INPUT DATA:
☆ ☆ ☆ ☆ ☆

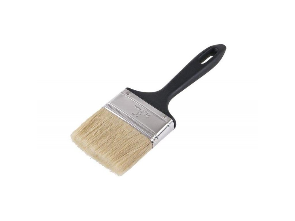 Štětec plochý 3" 64x17x52mm s černým plastovým držadlem, světlá štětina - tato štětina se získává z čínských prasat v barevném provedení světlá, černá a šedá.
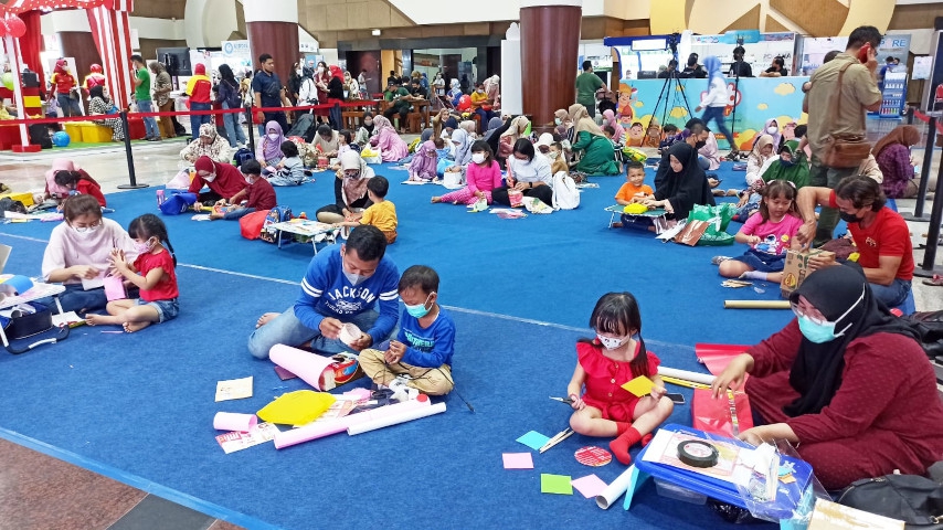 Di hari kedua MB Fair Surabaya 2022 ini digelar DIY Toy Kids Competition. Di sini, para peserta, anak dan orang tua, kompak bekerja sama membuat mainan gitar dari kardus yang keren. Acara juga dimeriahkan dengan kids performance by Morinaga.
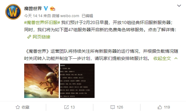 《魔兽世界》怀旧服将于2月20日再开放10组经典怀旧服PvP新服务器,同时还对47组服务器开启新的免费角色转移服务,以下是公告详情——

☆ ☆ ☆ ☆ ☆

TASK DESCRIPTION: None of the pictures should appear; copy the rest of the material above exactly.

SOLUTION TO THIS TASK:
 Štětec plochý 3" 64x17x52mm s černým plastovým držadlem, světlá štětina - tato štětina se získává z čínských prasat v barevném provedení světlá, černá a šedá.
 Di hari kedua MB Fair Surabaya 2022 ini digelar DIY Toy Kids Competition. Di sini, para peserta, anak dan orang tua, kompak bekerja sama membuat mainan gitar dari kardus yang keren. Acara juga dimeriahkan dengan kids performance by Morinaga.
 《魔兽世界》怀旧服将于2月20日再开放10组经典怀旧服PvP新服务器,同时还对47组服务器开启新的免费角色转移服务,以下是公告详情——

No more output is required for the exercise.